**WHAT TO DO**.
Please copy all of the entries exactly, but drop every picture.

**Data items**.
►
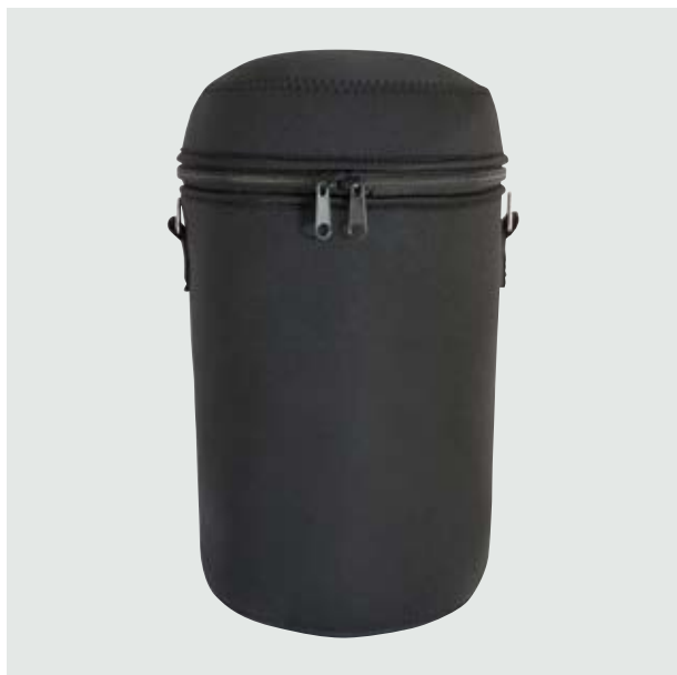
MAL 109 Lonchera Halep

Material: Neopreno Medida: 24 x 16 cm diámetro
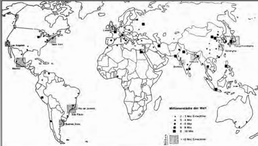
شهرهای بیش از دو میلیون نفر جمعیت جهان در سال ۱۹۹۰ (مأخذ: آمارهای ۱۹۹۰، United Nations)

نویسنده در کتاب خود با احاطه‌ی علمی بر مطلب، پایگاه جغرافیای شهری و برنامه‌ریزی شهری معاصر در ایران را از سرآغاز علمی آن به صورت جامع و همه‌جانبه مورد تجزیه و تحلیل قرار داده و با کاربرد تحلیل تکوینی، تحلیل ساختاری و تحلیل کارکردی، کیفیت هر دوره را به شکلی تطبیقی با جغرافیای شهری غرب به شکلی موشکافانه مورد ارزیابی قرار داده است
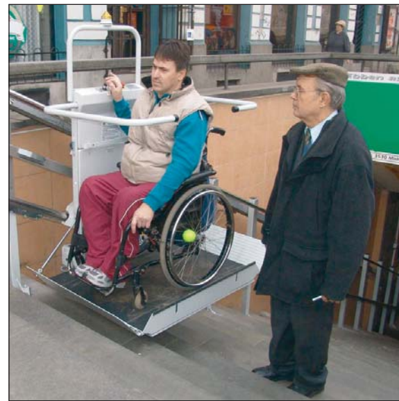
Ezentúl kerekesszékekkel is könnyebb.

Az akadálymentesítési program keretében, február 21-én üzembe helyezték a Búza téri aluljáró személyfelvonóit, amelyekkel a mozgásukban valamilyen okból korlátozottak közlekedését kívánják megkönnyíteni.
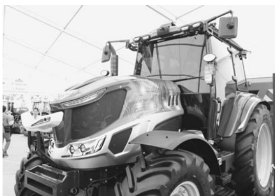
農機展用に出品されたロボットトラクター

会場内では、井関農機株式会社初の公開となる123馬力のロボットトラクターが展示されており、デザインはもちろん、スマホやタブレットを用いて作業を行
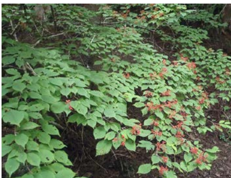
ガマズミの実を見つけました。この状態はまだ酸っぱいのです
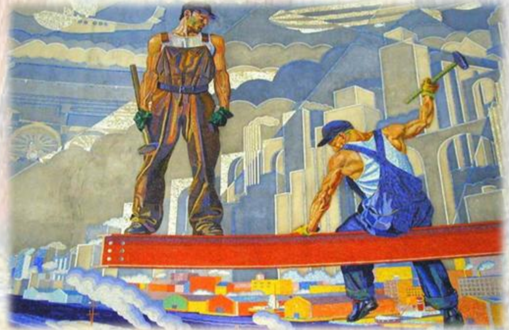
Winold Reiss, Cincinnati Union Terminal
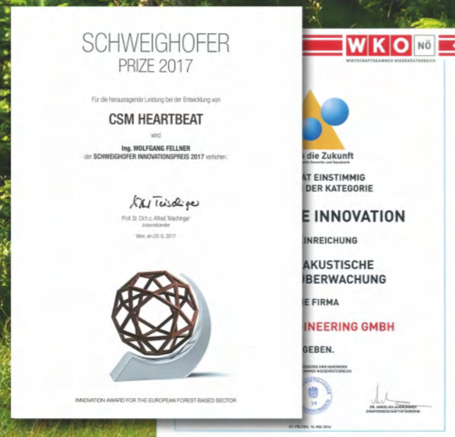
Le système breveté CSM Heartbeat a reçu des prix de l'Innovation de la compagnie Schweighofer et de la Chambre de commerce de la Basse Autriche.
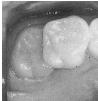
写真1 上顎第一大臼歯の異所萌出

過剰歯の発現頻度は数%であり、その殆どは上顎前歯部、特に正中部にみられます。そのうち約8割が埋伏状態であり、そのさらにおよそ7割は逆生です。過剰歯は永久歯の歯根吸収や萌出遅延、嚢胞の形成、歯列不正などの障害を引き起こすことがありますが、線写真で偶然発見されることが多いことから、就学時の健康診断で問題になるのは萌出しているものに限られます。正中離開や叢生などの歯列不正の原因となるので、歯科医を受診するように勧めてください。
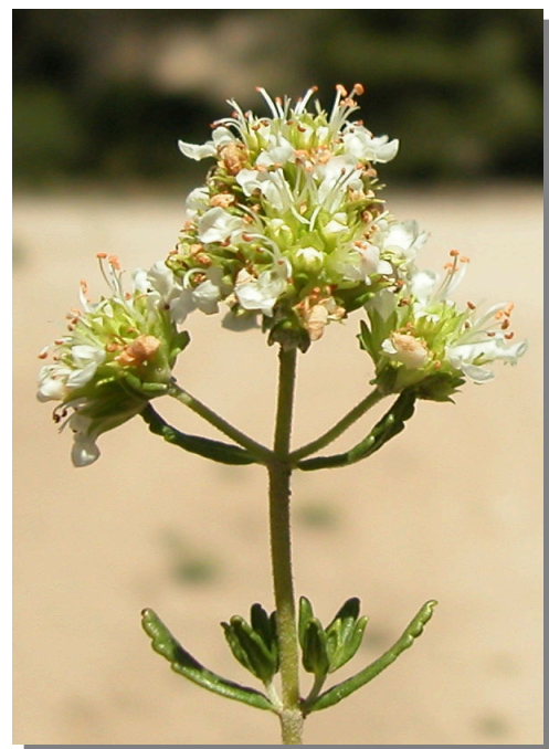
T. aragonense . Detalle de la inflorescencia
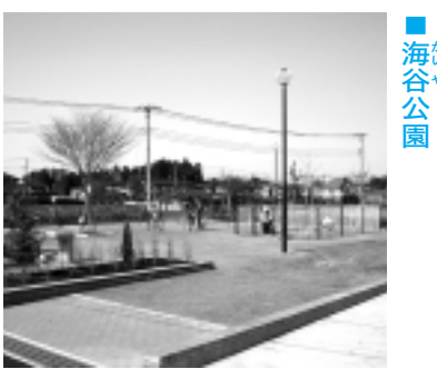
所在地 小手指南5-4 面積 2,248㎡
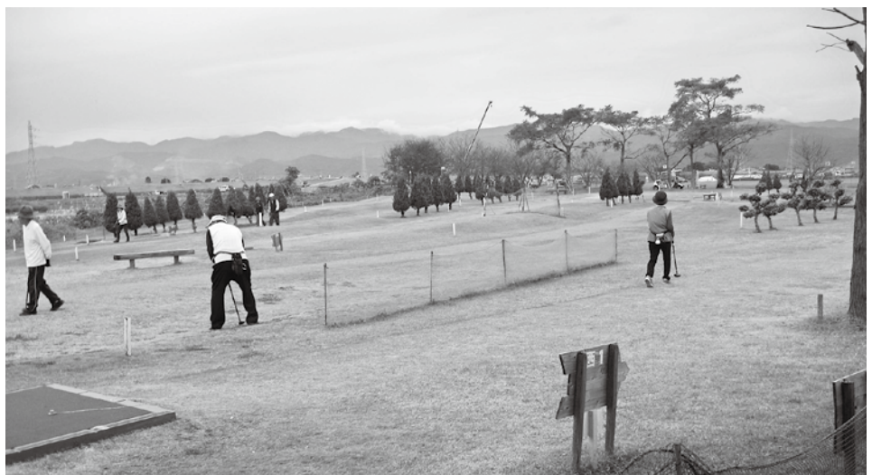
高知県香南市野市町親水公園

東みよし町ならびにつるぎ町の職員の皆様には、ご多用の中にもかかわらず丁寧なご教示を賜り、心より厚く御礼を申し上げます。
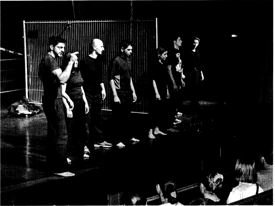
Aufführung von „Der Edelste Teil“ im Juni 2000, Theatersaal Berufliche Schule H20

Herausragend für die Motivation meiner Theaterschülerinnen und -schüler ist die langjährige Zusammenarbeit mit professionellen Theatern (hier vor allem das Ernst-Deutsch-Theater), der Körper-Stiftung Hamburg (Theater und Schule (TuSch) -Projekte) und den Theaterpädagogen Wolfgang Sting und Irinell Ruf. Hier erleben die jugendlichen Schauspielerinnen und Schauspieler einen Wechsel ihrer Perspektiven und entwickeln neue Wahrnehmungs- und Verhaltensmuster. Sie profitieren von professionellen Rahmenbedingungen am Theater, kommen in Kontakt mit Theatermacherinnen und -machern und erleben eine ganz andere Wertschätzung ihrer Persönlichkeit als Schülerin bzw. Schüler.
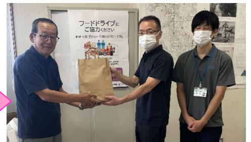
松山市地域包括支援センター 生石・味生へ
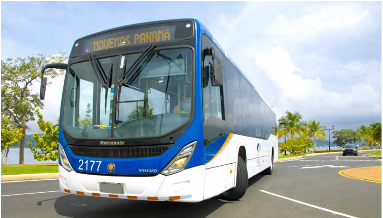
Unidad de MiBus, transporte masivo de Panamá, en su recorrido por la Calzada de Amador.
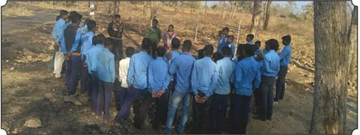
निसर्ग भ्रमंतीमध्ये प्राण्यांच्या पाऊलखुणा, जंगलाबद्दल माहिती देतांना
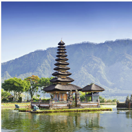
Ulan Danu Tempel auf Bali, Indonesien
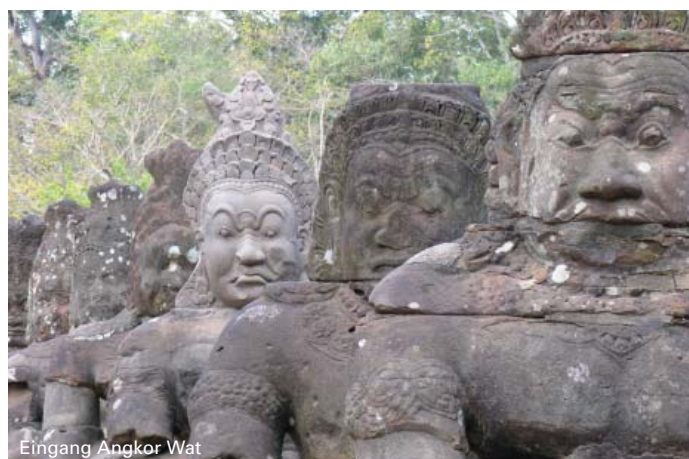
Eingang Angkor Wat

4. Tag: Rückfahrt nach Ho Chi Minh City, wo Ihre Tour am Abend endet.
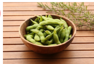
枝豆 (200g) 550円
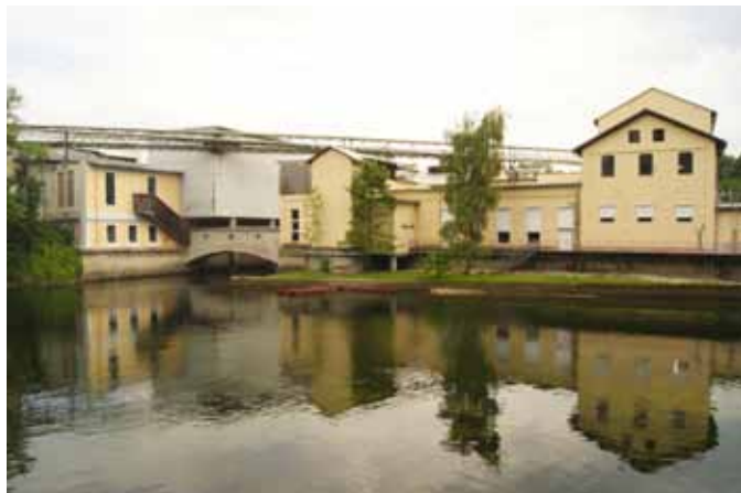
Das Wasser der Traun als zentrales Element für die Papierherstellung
◄
**ANSWER FOR THE TASK**.
MAL 109 Lonchera Halep

Material: Neopreno Medida: 24 x 16 cm diámetro
شهرهای بیش از دو میلیون نفر جمعیت جهان در سال ۱۹۹۰ (مأخذ: آمارهای ۱۹۹۰، United Nations)

نویسنده در کتاب خود با احاطه‌ی علمی بر مطلب، پایگاه جغرافیای شهری و برنامه‌ریزی شهری معاصر در ایران را از سرآغاز علمی آن به صورت جامع و همه‌جانبه مورد تجزیه و تحلیل قرار داده و با کاربرد تحلیل تکوینی، تحلیل ساختاری و تحلیل کارکردی، کیفیت هر دوره را به شکلی تطبیقی با جغرافیای شهری غرب به شکلی موشکافانه مورد ارزیابی قرار داده است
Ezentúl kerekesszékekkel is könnyebb.

Az akadálymentesítési program keretében, február 21-én üzembe helyezték a Búza téri aluljáró személyfelvonóit, amelyekkel a mozgásukban valamilyen okból korlátozottak közlekedését kívánják megkönnyíteni.
農機展用に出品されたロボットトラクター

会場内では、井関農機株式会社初の公開となる123馬力のロボットトラクターが展示されており、デザインはもちろん、スマホやタブレットを用いて作業を行
ガマズミの実を見つけました。この状態はまだ酸っぱいのです
Winold Reiss, Cincinnati Union Terminal
Le système breveté CSM Heartbeat a reçu des prix de l'Innovation de la compagnie Schweighofer et de la Chambre de commerce de la Basse Autriche.
写真1 上顎第一大臼歯の異所萌出

過剰歯の発現頻度は数%であり、その殆どは上顎前歯部、特に正中部にみられます。そのうち約8割が埋伏状態であり、そのさらにおよそ7割は逆生です。過剰歯は永久歯の歯根吸収や萌出遅延、嚢胞の形成、歯列不正などの障害を引き起こすことがありますが、線写真で偶然発見されることが多いことから、就学時の健康診断で問題になるのは萌出しているものに限られます。正中離開や叢生などの歯列不正の原因となるので、歯科医を受診するように勧めてください。
T. aragonense . Detalle de la inflorescencia
所在地 小手指南5-4 面積 2,248㎡
高知県香南市野市町親水公園

東みよし町ならびにつるぎ町の職員の皆様には、ご多用の中にもかかわらず丁寧なご教示を賜り、心より厚く御礼を申し上げます。
Aufführung von „Der Edelste Teil“ im Juni 2000, Theatersaal Berufliche Schule H20

Herausragend für die Motivation meiner Theaterschülerinnen und -schüler ist die langjährige Zusammenarbeit mit professionellen Theatern (hier vor allem das Ernst-Deutsch-Theater), der Körper-Stiftung Hamburg (Theater und Schule (TuSch) -Projekte) und den Theaterpädagogen Wolfgang Sting und Irinell Ruf. Hier erleben die jugendlichen Schauspielerinnen und Schauspieler einen Wechsel ihrer Perspektiven und entwickeln neue Wahrnehmungs- und Verhaltensmuster. Sie profitieren von professionellen Rahmenbedingungen am Theater, kommen in Kontakt mit Theatermacherinnen und -machern und erleben eine ganz andere Wertschätzung ihrer Persönlichkeit als Schülerin bzw. Schüler.
松山市地域包括支援センター 生石・味生へ
Unidad de MiBus, transporte masivo de Panamá, en su recorrido por la Calzada de Amador.
निसर्ग भ्रमंतीमध्ये प्राण्यांच्या पाऊलखुणा, जंगलाबद्दल माहिती देतांना
Ulan Danu Tempel auf Bali, Indonesien
Eingang Angkor Wat

4. Tag: Rückfahrt nach Ho Chi Minh City, wo Ihre Tour am Abend endet.
枝豆 (200g) 550円
Das Wasser der Traun als zentrales Element für die Papierherstellung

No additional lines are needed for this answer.